Describing New Tribes Mission (NTM) as a "true imperialist infiltration that makes me ashamed," Chavez declared he was fed up with "colonialism" and accused the mission group of links to the CIA, spying on Venezuela, and exploiting indigenous people. "We don't want New Tribes here," he said.

Vice President Jose Vicente Rangel repeated the accusations on Thursday. "We have intelligence reports that some of them are CIA," he told reporters. "The president's decision was based on reports that their actions create situations that compromise the country's sovereignty."

Rangel also said that Chavez's action is supported by the local Roman Catholic church. "Even Cardinal [Rosalio] Castillo Lara supported President Chavez's measure to remove New Tribes from the country," he said. "We have the cardinal's blessing in this decision." Castillo, who has called the president "a paranoid dictator" in need of an exorcism and whom Chavez has called an "outlaw, bandit, immoral Pharisee, and a pantomime," has not issued a statement of his own on the New Tribes expulsion.

Chavez said his decision was "irreversible." He did not set an expulsion date but will allow the missionaries time to "gather their stuff."

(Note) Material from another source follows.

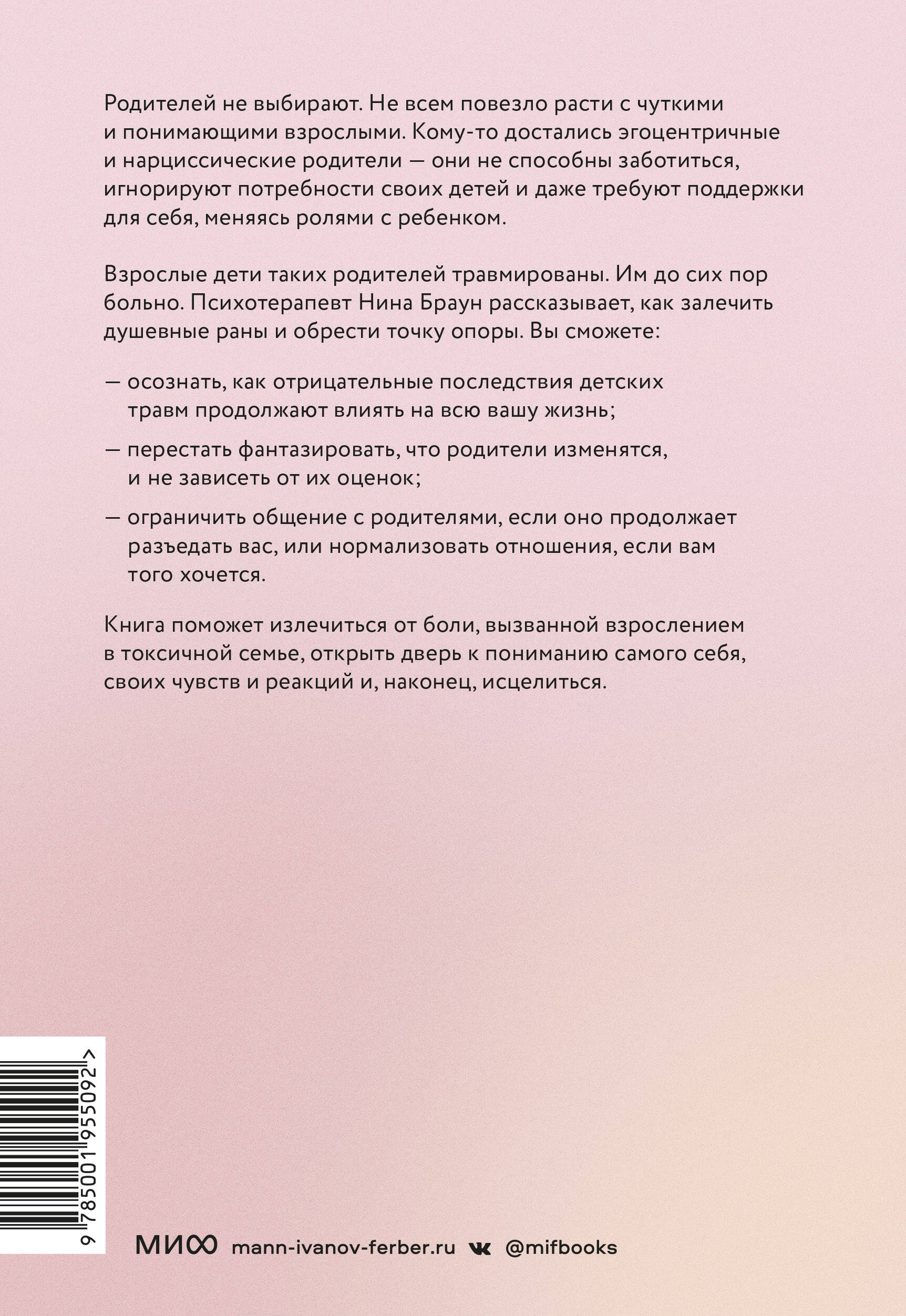 Пошаговое руководство от психотерапевта о том, как преодолеть детские травмы, обрести свободу от токсичного влияния родителей и построить с ними здоровые отношения. Родителей не выбирают. Не всем повезло расти с чуткими и понимающими взрослыми. Кому-то достались эгоцентричные и нарциссические родители - они не способны заботиться, игнорируют потребности своих детей и даже требуют поддержки для себя, меняясь ролями. Взрослые дети таких родителей травмированы. Им до сих пор больно. Психотерапевт Нина Браун рассказывает, как залечить душевные раны и обрести точку опоры. Вы сможете: - распознать негативный отпечаток событий из детства на свою жизнь; - перестать фантазировать, что родители изменятся, и не зависеть от их оценок; - ограничить общение с родителями, если оно продолжает разъедать вас, или нормализовать отношения, если вам того хочется. Книга поможет излечиться от боли, вызванной взрослением в токсичной семье, открыть дверь к пониманию самого себя, своих чувств и реакций и, наконец, исцелиться. Для кого книга: Для взрослых детей, которые испытывают трудности в отношениях с родителями и с собой. Для тех, кто стремится освободиться от негативного влияния отца или матери и жить счастливо и полноценно. От автора: Если дети растут в семье эгоцентричных родителей, то, став взрослыми, они могут столкнуться с затяжными негативными последствиями этих нездоровых отношений. Таких людей бывает легко принудить делать то, что им неприятно, например, с помощью манипуляций, обольщения или запугивания. Им может быть сложно завязывать и поддерживать гармоничные, прочные отношения. Они могут оказаться не способны говорить "нет" и твердо стоять на своем, бывают склонны к негативным установкам и формам поведения как с другими людьми, так и со своими родителями-нарциссами. Отрицательные последствия детских травм продолжают влиять на их здоровье и самооценку, что, в свою очередь, оказывает воздействие на другие аспекты жизни, особенно на личные отношения. Цель этой книги - помочь читателям глубже понять сохраняющееся негативное влияние эгоцентричного отца или матери на их развитие и жизнь. Так как глубокого осознания в чистом виде может быть недостаточно, я также даю рекомендации для положительных личных изменений - упражнения и стратегии, которые помогут устранить отрицательные последствия и стать тем человеком, каким они хотят себя видеть. Я надеюсь, что эта книга воодушевит вас и откроет дверь к пониманию самого себя, своих чувств, реакций и даже некоторых действий. Возможно, вы хотите в себе что-то изменить, и чтение натолкнет вас на мысль, как добиться этих изменений, чтобы освободиться от негативного влияния эгоцентричного отца или матери и начать счастливую и полноценную жизнь.| Издательство | МАНН, ИВАНОВ И ФЕРБЕР ООО |

Chavez made the statements at a nationally televised gathering in Venezuela's southern Apure state, where he granted indigenous groups land titles and farm equipment. The comments came on Indigenous Resistance Day—Chavez's rechristening of Columbus Day.

Additionally, Chavez said that New Tribes missionaries have built luxurious compounds, electric plants, and airfields amid poor indigenous villages. He accused NTM of violating national sovereignty by flying private aircraft in and out of the country without passing through customs. The president offered no proof to support any of his statements.

Success and sadness
Since 1946, New Tribes has served Venezuela's indigenous communities through translation, church planting, literacy, humanitarian aid, and community development projects, almost entirely in the country's western-central Amazonas state, which borders Colombia. NTM works with twelve ethnic groups in Venezuela, nine with established churches, and has completed five Bible translations. Four other translations are in progress. Thirty of the 160 NTM missionaries in the country are Venezuelan nationals. Worldwide, 3,200 NTM missionaries minister to indigenous peoples in more than 18 countries in Latin America, West Africa, and Southeast Asia.

In recent years, kidnapped NTM missionaries have made international headlines. Martin and Gracia Burnham were held for more than a year in the Philippines where Martin piloted NTM aircraft, ferrying supplies to remote missionaries. Martin died in a botched Philippine army rescue attempt June 7, 2002, in which Gracia was freed. In 1993, Revolutionary Armed Forces of Colombia guerrillas snatched Dave Mankins, Rick Tenenoff, and Mark Rich near the Panama-Colombia border. After years of negotiation and later investigation, NTM concluded in 2001 that the missionaries had been killed in captivity in 1996.

Pointing fingers
Robertson, a 1988 presidential candidate, said on his August 22 broadcast of The 700 Club television program that the U.S. government should assassinate Chavez to protect American oil interests and because Chavez "has destroyed the Venezuelan economy, and he's going to make that a launching pad for communist infiltration and Muslim extremism all over the continent." He later apologized, but Chavez's government stopped issuing foreign missionary visas and reportedly tightened regulations on preachers in the country. Venezuela's religious affairs chief, Carlos Gonzalez, told Reuters that the government had already been working on the move "but these declarations have made us speed things up."